Supplied material:
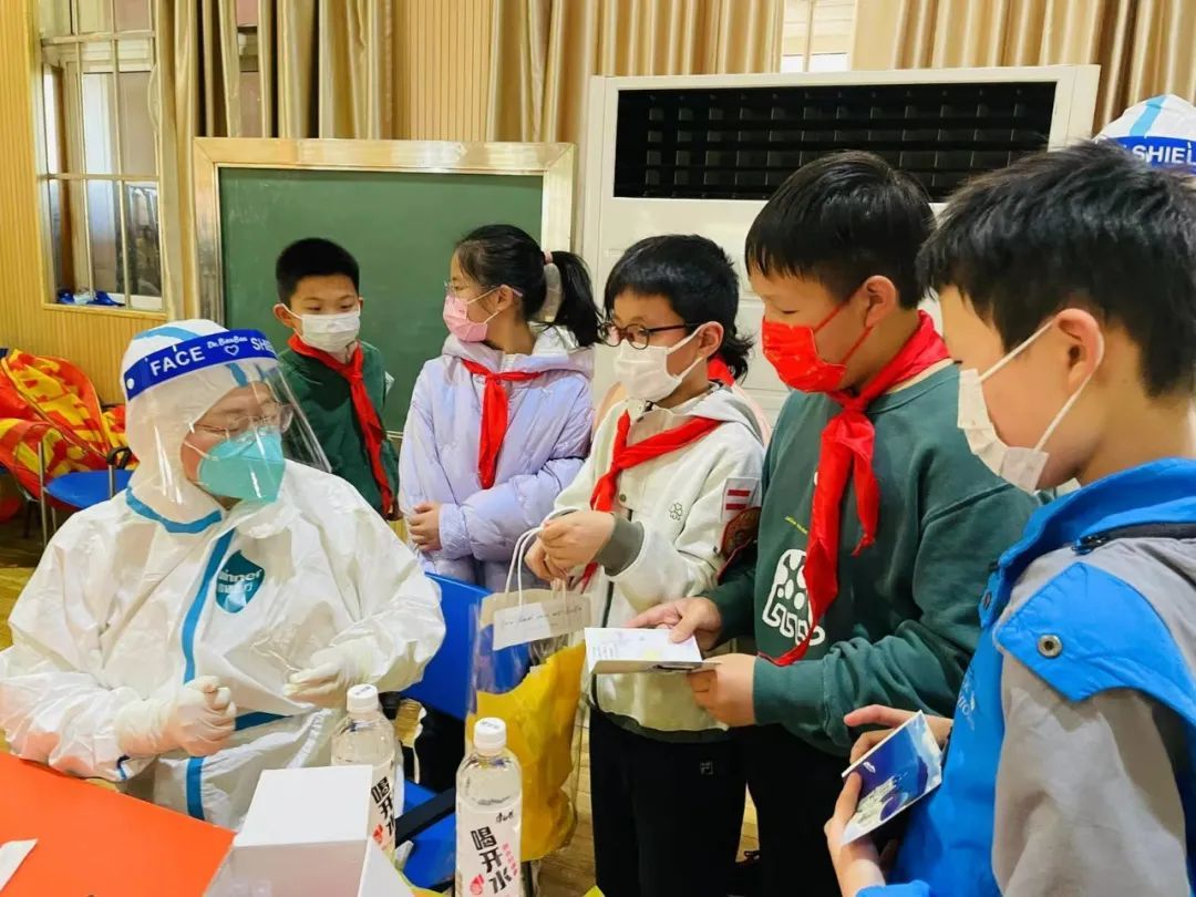 在洋泾实验小学现场,党团员老师们分工协作,协助维持秩序,安排学生分组检测,体育老师负责整队。学生们十人一组,有的班级人数不够,需要整个年级协调核定教师、学生检测人数。大约一个半小时,一千多个学生和老师便检测完毕。
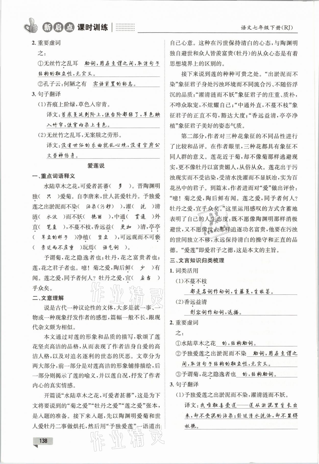 注:目前有些书本章节名称可能整理的还不是很完善,但都是按照顺序排列的,请同学们按照顺序仔细查找。练习册 2021年新启点课时训练七年级语文下册人教版 答案主要是用来给同学们做完题方便对答案用的,请勿直接抄袭。
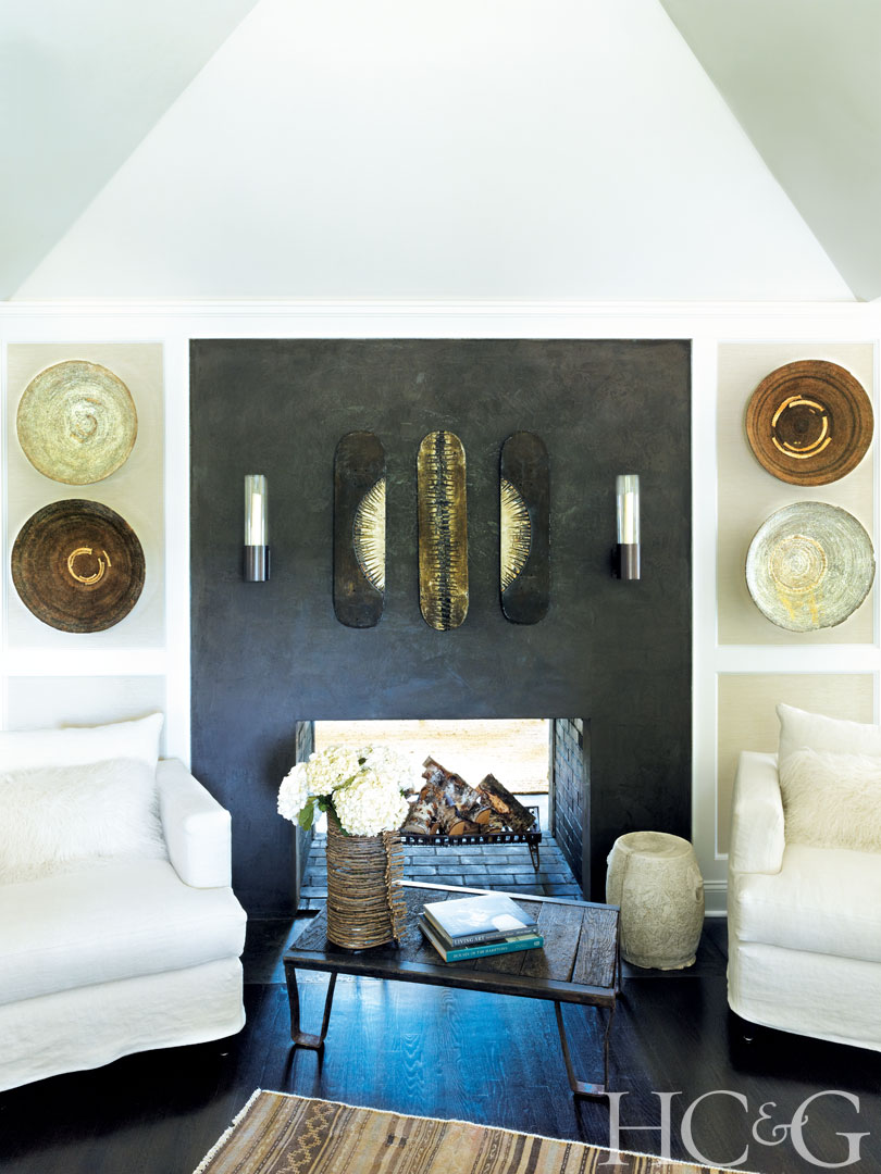Installed above the kitchen fireplace, a pair of sconces by Greg Yale lends modern contrast to a trio of African skateboards.

Task description: Transcribe every line of the listing above exactly; skip the pictures.

Answer to the problem:
 在洋泾实验小学现场,党团员老师们分工协作,协助维持秩序,安排学生分组检测,体育老师负责整队。学生们十人一组,有的班级人数不够,需要整个年级协调核定教师、学生检测人数。大约一个半小时,一千多个学生和老师便检测完毕。
 注:目前有些书本章节名称可能整理的还不是很完善,但都是按照顺序排列的,请同学们按照顺序仔细查找。练习册 2021年新启点课时训练七年级语文下册人教版 答案主要是用来给同学们做完题方便对答案用的,请勿直接抄袭。
Installed above the kitchen fireplace, a pair of sconces by Greg Yale lends modern contrast to a trio of African skateboards.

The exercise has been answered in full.